Restaurant Fast Food - it's not like grandma used to make
The growth of restaurant fast food cannot be denied. It seems that fast food places are opening up almost on every corner. It's not unusual to see a McDonalds, Kentucky Fried Chicken, Popeye's Chicken, Del Taco, a Burger King and several others all within a block or two of each other. This explosion of fast, fried foods, oversized to meet the growth of people is one of the suspected causes of the overweight phenomenon that's in all the newspapers. The "super size" or up sizing of fried french fries and drinks is not due to consumer demands but a desire for more profit. The rise of the value menu has lowered the overall profit margins for basic foods at most national fast food restaurants.
Managements answer has been to offer a larger product for a "special" price. Although this seems like a good value, from a business standpoint, it adds tremendously to the bottom line. Unfortunately for the consumer, it also adds to their bottom line as well. This strategy works well on 2 fronts for the business. First, consumers think they're getting a better deal at restaurants that offer to super size their order.
This in turn drives the customer decision to do to one store instead of another. So the decision is more based on how much food instead of how healthy the food. The second reason for this strategy is pure profit motive. Let's say that you typically order a 20 ounce cup of soda. The basic cost of this drink is 1 penny per ounce. That 1 cent per ounce covers the total cost of the drink. That's electricity to run the machine, the cup, straw, cover, drink product, and ice. That's right, that 20 ounce beverage costs the restaurant 20 cents and they charge you .79 cents. So as long as they can offer a larger drink at more than 1 cent per ounce, they're making more money.
So raising your drink from a 20 ounce to a 32 ounce cup for only 25 cents more, gives the restaurant an added 13 cents profit from that larger cup.
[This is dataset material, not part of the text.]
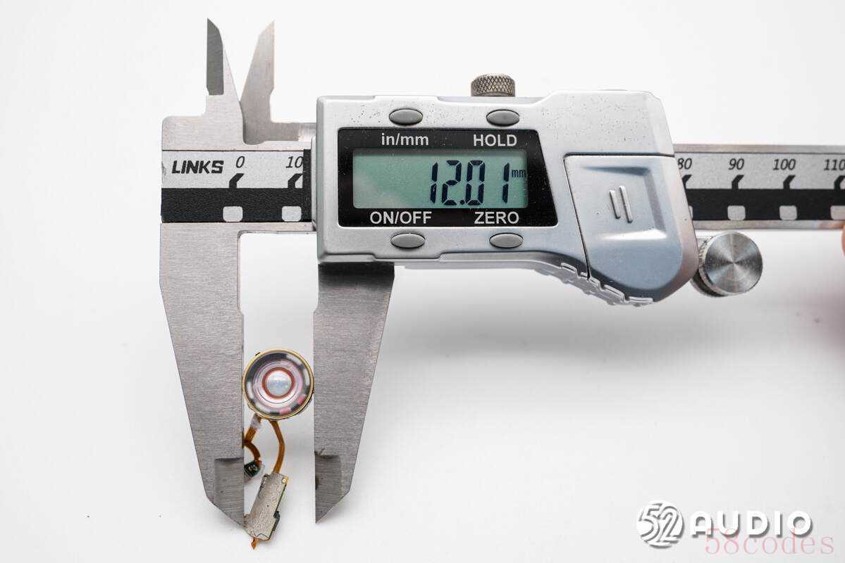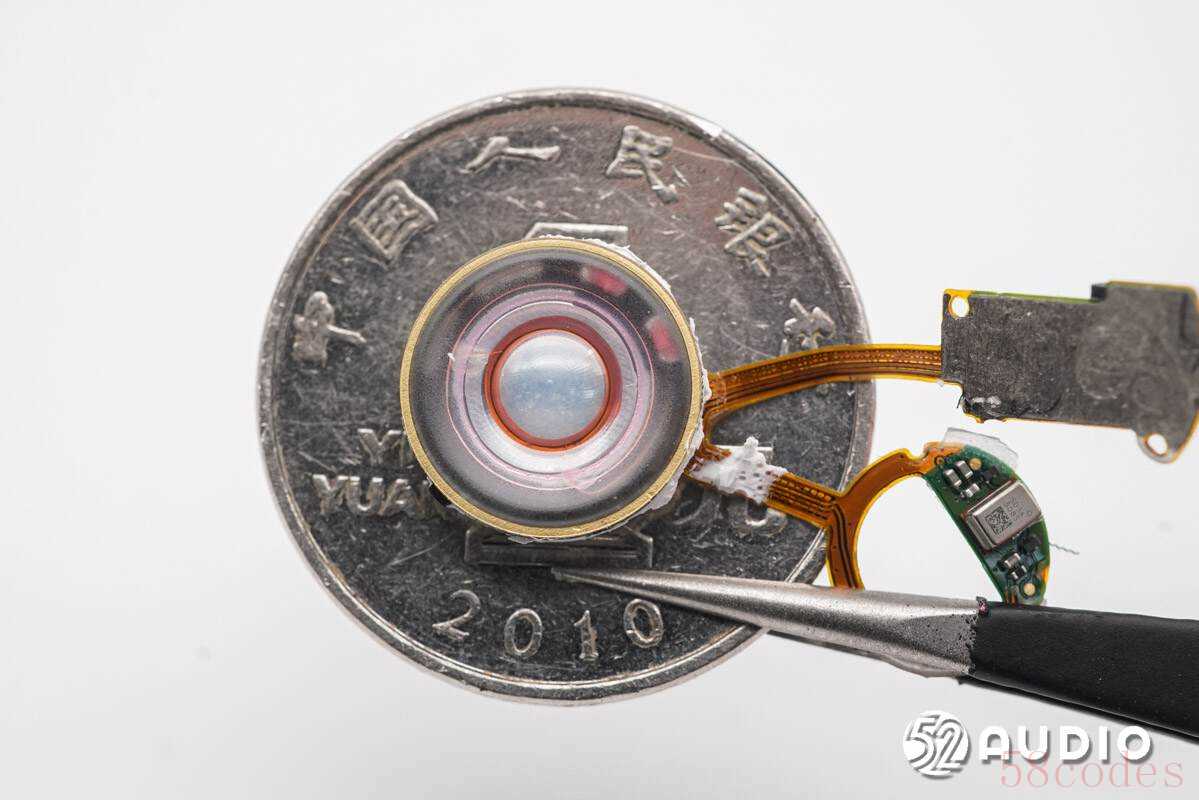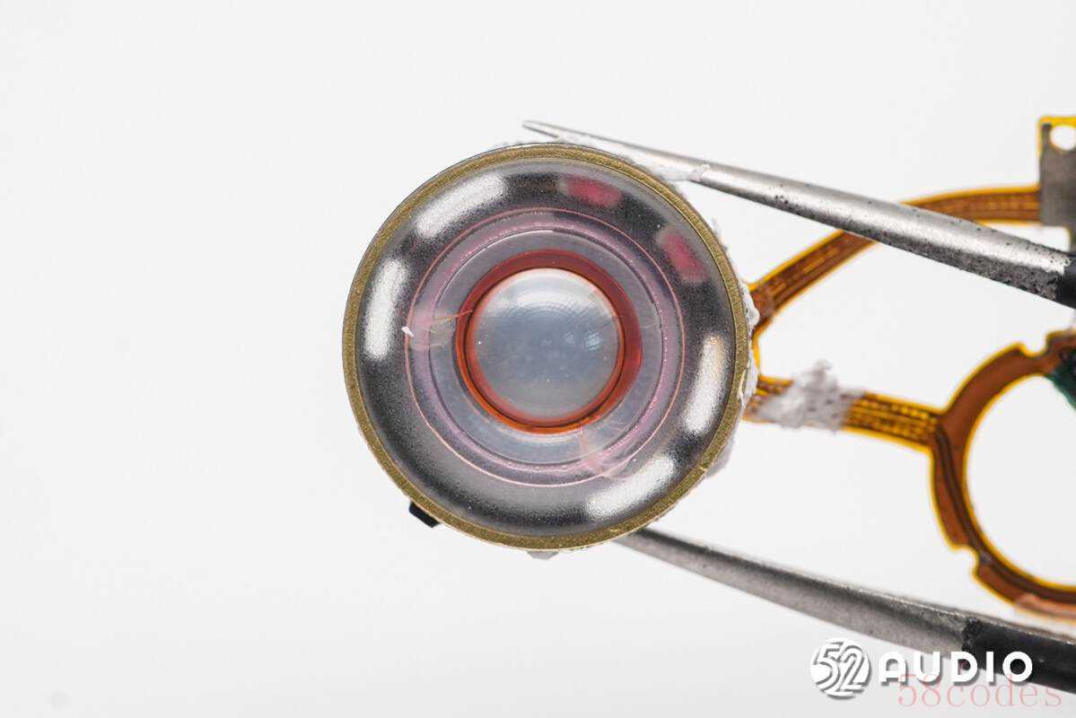 耳机扬声器特写。据官方介绍,采用了无铁5磁类钻石动圈单元,复合式DLC类钻石碳纤维特种膜片(TPU+DLC),最大振膜振幅0.45mm。

Remember 1 penny per ounce is costs, so the difference between 32 and 20 is 12 ounces which is 12 pennies and they charge 25 cents for the upsize! Wouldn't you like to make a 50% profit on any of your investments? Now don't get all bothered by the huge amounts of money food companies make on drinks. Overall, after the costs of the building, the employees, taxes, product, utilities, etc, the actual net profit from a well run typical franchise fast food place is under 10%. 10% for the investment of hundreds of thousands of dollars is not considered exorbitant by means. Consider that the proprietor could have that investment in a solid mutual fund making at least or a little more without the risk of running a business or dealing with the customer and employee problems that come with any customer service type business. I think we all would probably prefer however, that their pricing model be more geared toward healthy foods and less toward manipulation of the consumer.